Comparison of expressed gene content

To assess expressed gene content shared among species we conducted a clustering analysis to identify sequence clusters between all seven species and an additional chondrichthyan, the elephant shark, Callorhinchus milii. This species is a member of the Holocephali, a separate suborder of the Chondrichthyes; we obtained heart RNA-seq data for this species from a recently updated genome assembly of this organism [26]. We subjected the C. milii read data to the same FastqMcf trimming and Trinity assembly methods as the RNA-seq data generated in this study. For the clustering analysis we conducted an all against all BLASTP (e-value ≤ 1e-05) search of all protein sequences from the eight species. The results from these BLASTP searches were used in MCLBlastLINE [49], as implemented in [29, 50], to identify homologous sequences between species using an MCL algorithm to cluster protein sequences with an inflation parameter of 1.8 and all other parameters set to defaults. It is possible, using this approach, for paralogues and orthologues to be grouped together in the same sequence cluster; species were considered to share sequence clusters if one or more transcripts from each species were grouped together in the same cluster (hereinafter referred to as an MCL cluster). We tallied all pairwise MCL clusters between all species and those shared between groups of interest (teleost vs. elasmobranch and regional endotherms vs. ectotherms).

In addition to this clustering approach, we sought to identify the enrichment of particular GO terms in elasmobranchs vs. teleosts or involving the regional endothermic species vs. ectotherms. Towards this end, we conducted Fisher’s exact tests through FatiGO (filtering mode set to FDR adjusted p-value) [51] within BLAST2GO version 3.1 [47, 48] to test whether particular GO terms were overrepresented in comparisons of the four elasmobranch to the three teleost species or in comparisons of the three regional endotherms to the four ectotherm species. Each test was two-tailed and allowed us to assess which terms were either overrepresented or underrepresented in our focal group, and filtering at p < .05 after FDR correction. Using BLAST2GO, these results were also filtered to obtain a list of the most specific GO terms that were significantly enriched. In this filtering step, if there are multiple GO terms in the same GO hierarchy and they are significantly enriched, then only the most specific term will be retained. For example, the term ‘ion channel complex’ would be a more specific term than ‘transmembrane transporter complex’ and ‘transmembrane transporter complex’ would be a more specific term than ‘cellular component’. If ‘ion channel complex’ and ‘transmembrane transporter complex’ were both enriched, then the filtering for the most specific terms would remove the term ‘transmembrane transporter complex’ from the list and only show the term ‘ion channel complex’ as enriched.
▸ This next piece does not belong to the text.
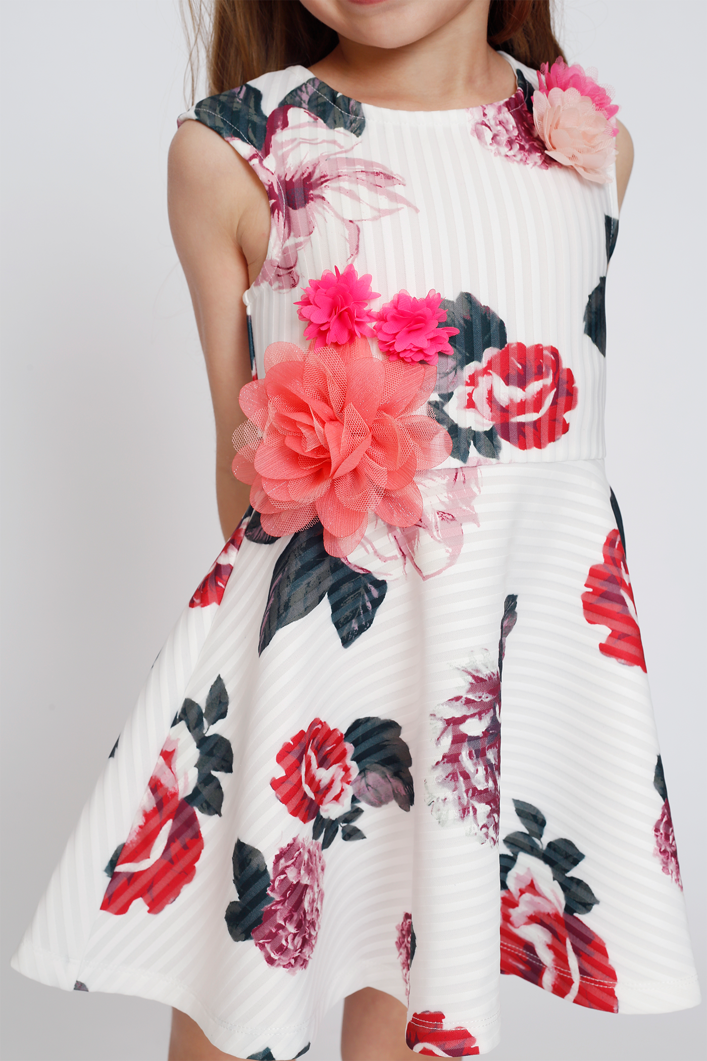 This playful summer skater dress features a round neckline and classic cap sleeves for a timeless look. The fit and flare silhouette flatters every shape, while the gorgeous floral print brings vibrant, sunny vibes. Adorned with an adorable 3-D flower detail, it adds a fun, whimsical touch. Falling right above the knee, it’s perfect for twirling through warm days. Imported and ready to brighten any wardrobe!

Identification of candidate immunity genes

To classify genes involved in immunity, we assembled a master list of candidate genes involved in both adaptive and innate immune function. This gene list was derived from numerous large-scale mammalian studies that are curated on two databases: InnateDB [52] and the Immunome knowledge base [53]. Using the Swiss-Prot IDs for these candidate genes, we queried our teleost and elasmobranch BLAST data for their presence in the annotations of our most conservative gene set. To ensure that we captured the genes relevant to chondrichthyans, we cross-referenced the adaptive immunity list against the genes identified in the elephant shark genome [26]. Any immunity genes identified in the elephant shark genome that were not in our list were subsequently added to the adaptive immunity list before comparison with our BLAST data.

Positive selection

Positive selection is the fixation of advantageous mutations driven by natural selection, and is one of the fundamental processes behind adaptive changes in genes and genomes, leading to evolutionary innovations and species differences. We sought to identify cases of positive selection in elasmobranchs and in regional endotherms by conducting the branch sites tests for positive selection on putative orthologues shared between all eight species using the codeml package within PAML version 4.8 [54, 55]. For this analysis, orthologues were defined using the clustering analysis described above, with the additional restriction of only considering clusters with a single sequence from each of the eight species (the seven sequenced here, plus elephant shark). For each cluster we aligned the corresponding coding sequence (cds) using the program Probalign v1.1 [56] with default settings but removing sites where the posterior probability was < 0.6 and retaining only alignments with continuous blocks of aligned sites that covered >50% of the reference protein sequence in the Swiss-Prot database.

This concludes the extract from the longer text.